ORM (Object Relation Mapping) is the new automatic memory management. You wouldn’t want to go back to having manage pointers and allocate and de allocate memory. This is how we advance. The less unnecessary complexity the better. I think most languages and platforms will eventually have this built in. Rails provides Active Record which is based on a Martin Fowler pattern of the same name. Java has hibernate, cocoon and about a hundred other frameworks most of which have/are being replicated into the .Net space.
So if you have a decent database design you can really take advantage of the ORM to make your life so much easier. Of course queries can be optimized etc if you need them to be but all of this logic can be put into the Ruby (Java, .NET) language functions used to query the database. Things like order by, limit, sorting can also be specified.
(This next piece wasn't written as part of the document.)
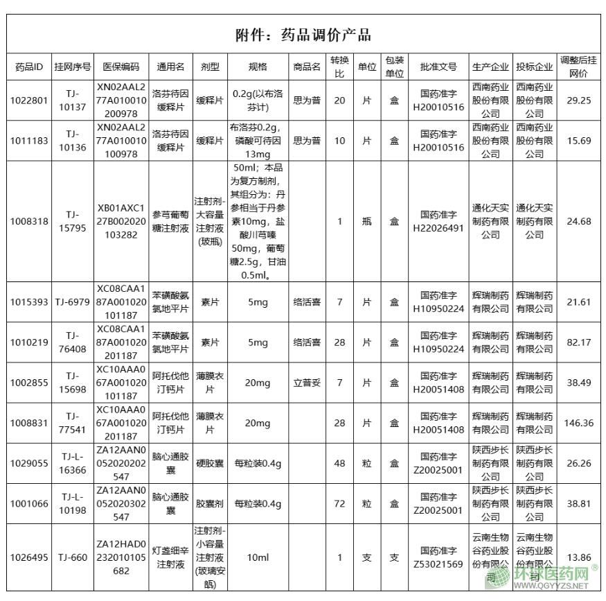 根據(jù)梳理,本次參與價格調(diào)整的產(chǎn)品合計10個,覆蓋洛芬待因緩釋片、苯磺酸氨氯地平片、阿托伐他汀鈣片、腦心通膠囊、參芎葡萄糖注射液和燈盞細辛注射液共6個品種,涉及輝瑞制藥有限公司、西南藥業(yè)股份有限公司、陜西步長制藥有限公司、通化天實制藥有限公司及云南生物谷藥業(yè)股份有限公司5家藥企。

The nice part is that the schema needs to make sense to be used. The id field is always called “id”. Foreign keys are always named with the tablename_id so it’s consistent. That’s the advantage of Rails, there’s so much organization built in and you always know where pieces of code are going to be, ie models, views, controllers, libraries, etc.
How many times have you opened someone’s project and had to hunt around trying to find what you are looking for.
Why do we have 2 x 4’s? Wouldn’t it be great if each carpenter could choose the dimensions of lumber to use for each project? Why limit the choice?
The answer is obvious or should be and the same thing goes for software development. Microsoft has done a great disservice for developers by not mandating a coding standard which includes indentation and style along with project organization.
This is the only way we can continue to handle more complexity; we must delegate some of it to the computer and use standards.